The specificity of some of these “critter groups” can boggle the mind. We have the Wild Sheep Foundation, the Mule Deer Foundation, Pheasants Forever, Ruffed Grouse Society, Quail Unlimited, the American Bison Society. You get the idea.

This hyper-focused conservation actually isn’t as self-limiting as you might imagine. Pheasants Forever, for instance, doesn’t devote itself exclusively to Chinese ringnecks. It’s become America’s premiere upland habitat organization, and has built a network of biologists who help landowners implement conservation provisions of the Farm Bill.

Still, national organizations require a superstructure to support salaries, buildings, travel, and insurance, not to mention delivering what’s called “mission accomplishment.” They require field organizers to recruit volunteers like me. They need to buy the ingredients for fundraising, including all that wildlife art you’ve seen at any—and every—conservation banquet.

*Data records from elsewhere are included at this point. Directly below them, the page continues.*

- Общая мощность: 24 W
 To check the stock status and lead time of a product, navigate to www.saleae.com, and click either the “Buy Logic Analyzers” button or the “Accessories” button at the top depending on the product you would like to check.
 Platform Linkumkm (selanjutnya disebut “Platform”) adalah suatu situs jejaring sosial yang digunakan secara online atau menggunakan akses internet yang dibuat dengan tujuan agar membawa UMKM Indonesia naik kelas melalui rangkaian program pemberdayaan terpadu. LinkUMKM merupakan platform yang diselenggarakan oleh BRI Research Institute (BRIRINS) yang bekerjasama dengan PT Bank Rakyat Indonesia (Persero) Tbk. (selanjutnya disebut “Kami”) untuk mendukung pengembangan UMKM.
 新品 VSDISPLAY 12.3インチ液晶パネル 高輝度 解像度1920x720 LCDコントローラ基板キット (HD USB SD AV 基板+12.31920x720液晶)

It’s a testament to these national groups that they manage to deliver a big percentage of their revenue to their missions (though, as you’ll learn in Pt. 4 of this series, not always enough). And their missions have, for the most part, been successful. America’s wild turkey is recovered. We have more elk in more places than ever. While other species, notably quail, bison, and some wild sheep herds, are struggling, we have more huntable game now that at any time in our nation’s history.

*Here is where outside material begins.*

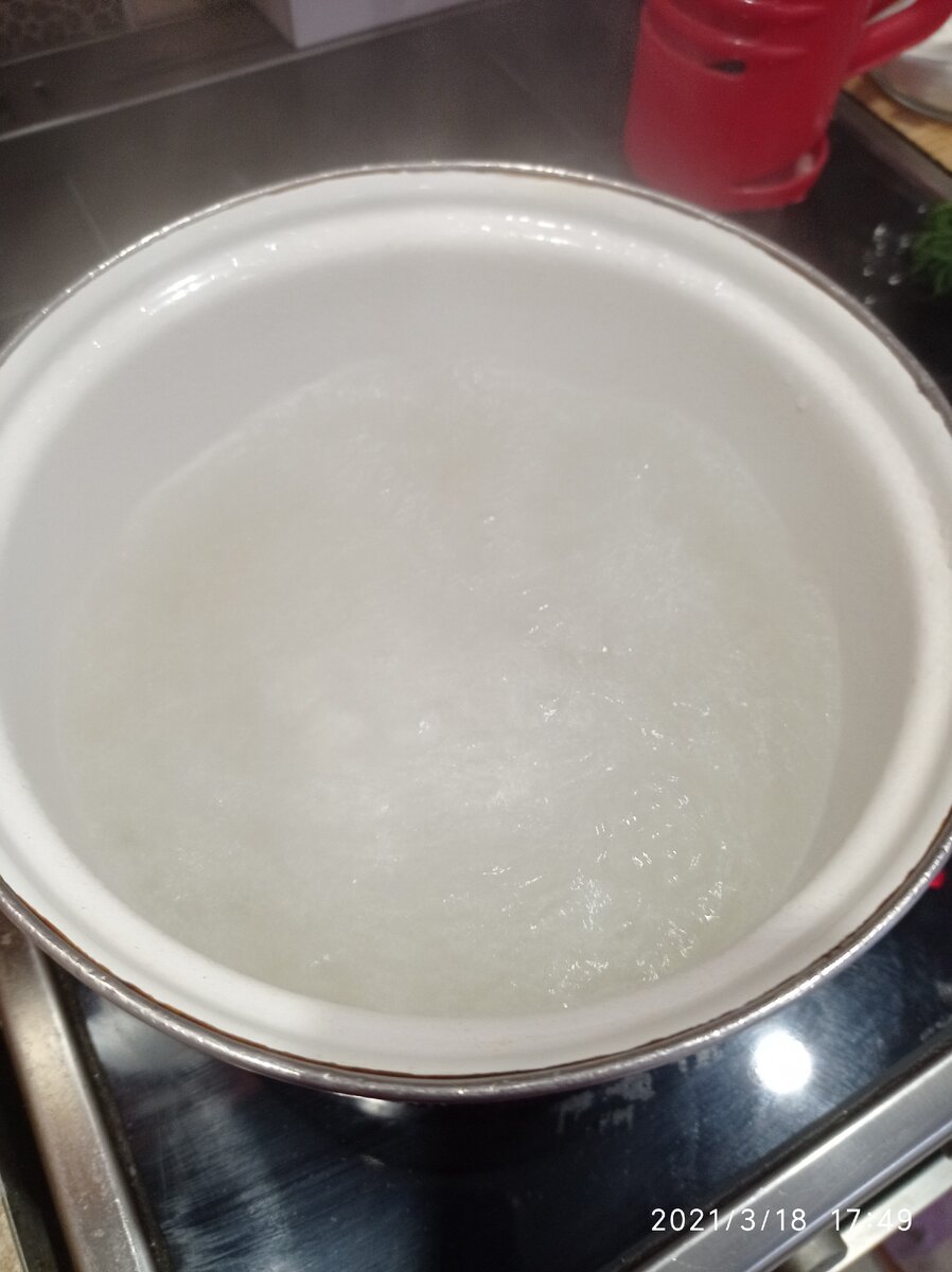 Ставим кастрюлю с водой на плиту, добавляем соль по вкусу и ждём закипания.

But what’s been created in this national movement to recover species is a yawning deficit of local needs. Many of those old clubs chartered by the National Wildlife Federation are defunct, or exist mainly on paper, or are held together by a handful of aging volunteers. The national organizations host plenty of local events, but they are often used as fundraising opportunities, or as venues to promote the specific brand or initiatives of the organization.

On a local level, we’re not doing a good job of creating local hunting access, or building appropriate places for shooters. As hunters, we’re not asking local landowners, who sustain the wildlife we love to hunt, how we can help mitigate their impacts in the off-season. We’re not helping teach Hunter Education courses to beginning hunters in our hometowns. We’re not taking enough new hunters into the field. And we’re not creating a community of local hunters and anglers whose devotion to the entire spectrum of local fish and game species exceeds their commitment to a single species.

Those are all things we address as Hi-Line Sportsmen members. “Keeping Conservation Local.” It seemed revolutionary when we coined the slogan, but it turns out it’s one of America’s oldest and most enduring conservation intentions.

But, as you’ll learn in the third part of this series, it’s hard as hell to accomplish.